The NHL's senior vice-president of hockey operations, Colin Campbell, met with a number of hockey people yesterday and today to review how interference, hooking, and holding infractions were being called. Among those in attendance with Campbell include Darcy Regier, Lou Lamoriello, Ray Shero, Steve Yzerman, Mike Gillis, Joel Quenneville, Barry Trotz, Dave Tippett, and Adam Oates as well as players, officials, and other members of the hockey operations department. Clearly, this is a collection of personalities from all facets of the NHL, and all will have some input as to how the league deals with adjusting the standard in making the calls for the infractions.

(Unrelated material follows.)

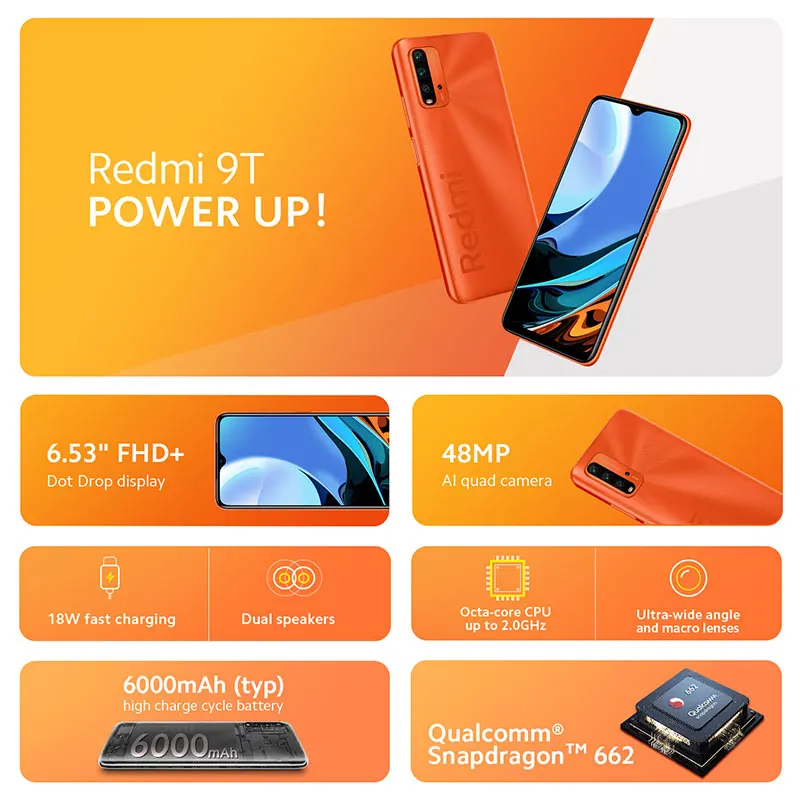 Глобальная версия Redmi 9T, 6000 мА/ч, Батарея, Snapdragon 662 Octa Core<;br/> Процессор продукта-Отправление документов об оплате-Snapdragon 662 Octa Core Процессор, до 2,0 ГГц <;br/> Экран -------- 6,53 дюймов 2340x1080P FHD + Dot Drop Display<;br/>RAM + ROM----4GB + 64 ГБ/4 Гб + 128 Гб <;br/> Камера ------ 48MP + 8MP + 2MP + 2MP AI Quad Rear Camera s, 8MP фронтальная камера <;br/> Батарея ------- 6000 мАч (Typ), поддержка быстрой зарядки 18 Вт, быстрое зарядное устройство In-box 22,5 W <;br/>OS------------MIUI 12, глобальная версия, Поддержка Google Play, Многоязычное и OTA обновление <;br/> Другое ------- WIFI, Bluetooth 5,0, GPS, идентификация отпечатков пальцев, fm-радио <;br/> Содержимое упаковки: redmi 9T/адаптер/кабель USB Type-C/Инструмент для извлечения SIM/мягкий чехол/Руководство пользователя/гарантийный талон <;br/> Сеть:<;br/>Full Netcom, две sim-карты с двумя режимами ожидания (слот Nano SIM x 2 + слот для карты Micro-SD x 1)<;br/>2G: GSM: B2/3/5/8<;br/>3G: WCDMA: B1/2/4/5/8<;br/>4G: TDD-LTE: B38/40/41 (2535-2655 МГц)<;br/>4G: FDD-LTE: b1/2/3/4/5/7/8/20/28<;br/>Redmi 9T<;br/> Восьмиядерный Snapdragon 662 | Четырехъядерный процессор 48 МП AI | Аккумулятор 6000 мА · ч (typ) | 6,53 & quot; FHD + DotDisplay<;br/> Текстура против отпечатков пальцев | Боковой датчик отпечатков пальцев | Защита от брызг <;br/> все, что вам нужно сделать профессиональные снимки <;br/> поможет вам сделать множество захватывающих фотографий независимо от того, где вы находитесь. Запечатлейте великолепные пейзажи, замечательные крупным планом и художественные портреты. Завершение онлайн-встреч.<;br/>48 МП AI quad camera<;br/> сохраните ваши воспоминания кристально чистыми <;br/> видео с задержкой времени, смотрите время полета <;br/> мгновенно передает время через видео с временными интервалами. Записывайте облака, движущиеся по небу, или отслеживайте свой прогресс, направляясь к вашему дому.<;br/>6000 мАч (typ) батарея <;br/> с массивной батареей 6000 мАч (typ), вам не придется беспокоиться о выходе из строя. При температуре менее 200 г телефон также удивительно легкий для телефона с такой высокой емкостью аккумулятора.<;br/> Восьмиядерный Snapdragon 662 <;br/> обеспечивает высокую производительность, предотвращает перегрев устройства и обеспечивает низкое энергопотребление.<;br/> 6,53 & quot; FHD + DotDisplay, высокое разрешение делает изображение более точным, обеспечивая удобный просмотр для ваших глаз.<;br/> двойные динамики обеспечивают отличное качество звука. Басы позволяют почувствовать удар и усиливают чувство погружения.<;br/> Пожалуйста, прочитайте меня перед тем, как сделать заказ.<;br/>1, у нас есть склад ES/PL/FR, для европейского покупателя вы можете выбрать доставку со склада ЕС, как правило, он может доставить в течение 2-3 дней; для заказов выбирается Доставка из Китая, Все заказы будут отправлены в течение 48 часов в рабочие дни.<;br/>2, цена товара не включает налоги или сборы на месте, если посылка застревает на местных рынках, покупателю необходимо связаться с таможней и сделать таможенное оформление. Мы не несем таможенных пошлин или каких-либо сборов, вызванных таможней или отказом покупателя от посылка.<;br/>3. Если вы выбираете DHL, это не включает в себя DHL удаленную стоимость/таможенную пошлину, или любую комиссию, взимаемую DHL за таможенное оформление или стоимость складского хранения.<;br/>4. Пожалуйста, откройте посылку в присутствии сотрудника почты, если посылка повреждена или пуста (украдена), пожалуйста, попросите почтовое отделение предоставить официальный документ, особенно запрос на Претензию <;br/>5. Если у вас есть какие-либо проблемы с вашим телефоном, пожалуйста, сначал

"Personally, I don't think the hooking and holding has slipped," Campbell told the media. "I think we have to find out what we want with interference on the forechecking and interference off the face-off."
Anything to help the game stay exciting is definitely good, but this isn't a think tank like they had in 2004-05 when the rules dramatically changed. Instead, it appears this think tank will simply ensure the standard is being upheld, and to tweak minor instances where some of the infractions are going unpunished.
"There's lots of opinions out there," Campbell stated, "so I'd like to see us sit down and just get that opinion from particularly the three groups that are dealing with it all the time: the referees, the players and the coaches."
If this group of people can make the game better, I say go for it. There's nothing worse than seeing a clutch-and-grab game again, especially when the stakes are high in the playoffs and the "little things" go uncalled for the most part. While players, coaches, and managers certainly don't want to see an outbreak of power plays again, there needs to be a more consistent calling of interference.
As Campbell said, "Anything that stops a player from scoring" should be reviewed in terms of making the game better. Scoring is exciting. Clutching and grabbing is not. Let's hope these men can make the game a little better over these two days.